# Scientific Computing with Python
## June 02 2020
## 3rd LBRN-LONI Scientific Computing Bootcamp

# Outline

 * Day 1 Basic Python Review
 * Introducing Python Modules: 
     - Numpy
     - Scipy
 * Examples:
     - Calculate deriving of a function
     - Convert RGB image to Grayscale
     - Simple regression example
 * Excercise (will be talked about in the afternoon session)

# Day 1 Basic Python Recap

 * Python is a general-purpose interpreted, interactive, object-oriented, and high-level programming language.
 * It was created by Guido van Rossum during 1985-1990. Like Perl, Python source code is also available under the GNU General Public License (GPL).

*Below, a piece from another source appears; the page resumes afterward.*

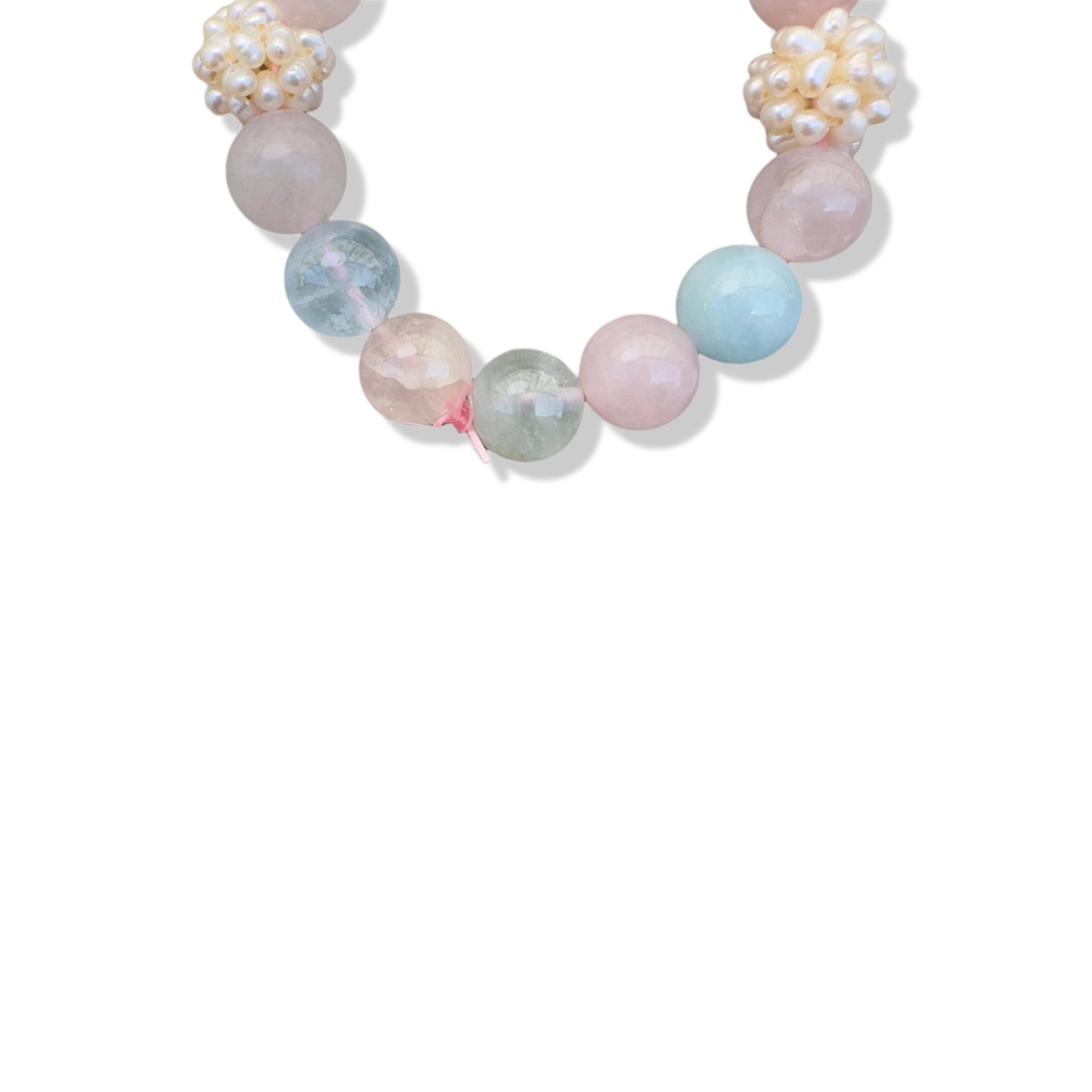 Featuring a captivating array of pastel-toned beryl stones—such as aquamarine, morganite and emerald —paired with luminous, freshwater pearls cluster, this bracelet is designed to inspire inner peace and emotional balance.

### Demostration of Python Loop

In [0]:
a = list(range(5))
print(a)

[0, 1, 2, 3, 4]


In [0]:
for idx in range(len(a)):
    a[idx] += 5
print(a)

[5, 6, 7, 8, 9]


### Python Tuples
- A tuple is a sequence of immutable Python objects. Tuples are sequences, just like lists. 
- The differences between tuples and lists are, the tuples cannot be changed unlike lists and tuples use parentheses, whereas lists use square brackets.

In [0]:
tup1 = ('physics', 1997, 'chemistry', 2000); 
print(tup1)

('physics', 1997, 'chemistry', 2000)


In [0]:
tup2 = (1, 2, 3, 4, 5);
print(tup2)

(1, 2, 3, 4, 5)


In [0]:
tup3 = "a", "b", "c", "d";
print(tup3)

('a', 'b', 'c', 'd')


In [0]:
tup4 = 3, 5, 7
print(tup4)

(3, 5, 7)


In [0]:
# The empty tuple is written as two parentheses containing nothing
tup1 = ();
print(tup1)

()


In [0]:
# To write a tuple containing a single value you have to include a comma,
tup1 = (50,);
print(tup1)

(50,)


In [0]:
tup1a = 50,
print(tup1a)

(50,)


In [0]:
# Accessing Values in Tuples
print("tup1[0]: ", tup1[0])

tup1[0]:  50


In [0]:
#tuples are immutable, they cannot be changed
tup1[0]=5

TypeError: ignored

In [0]:
print("tup2[1:5]: ", tup2[1:5])

tup2[1:5]:  (2, 3, 4, 5)


In [0]:
# Updating Tuples, create a new tuple as follows
tup3 = tup1 + tup2
print(tup3)

(50, 1, 2, 3, 4, 5)


In [0]:
# delete tuple elements
print("Deleting tup3 : ")
del tup3;
print(tup3) # this will reture an error

Deleting tup3 : 


NameError: ignored

# Numpy Overview
- NumPy (Numeric Python) is the fundamental package for scientific computing in Python.
- It is a Python library that provides a multidimensional array object, various derived objects (such as masked arrays and matrices)
- An assortment of routines for fast operations on arrays, including mathematical, logical, shape manipulation, sorting, selecting, I/O, discrete Fourier transforms, basic linear algebra, basic statistical operations, random simulation and much more.
- In short , NumPy package provides basic routines for manipulating large arrays and matrices of numeric data. 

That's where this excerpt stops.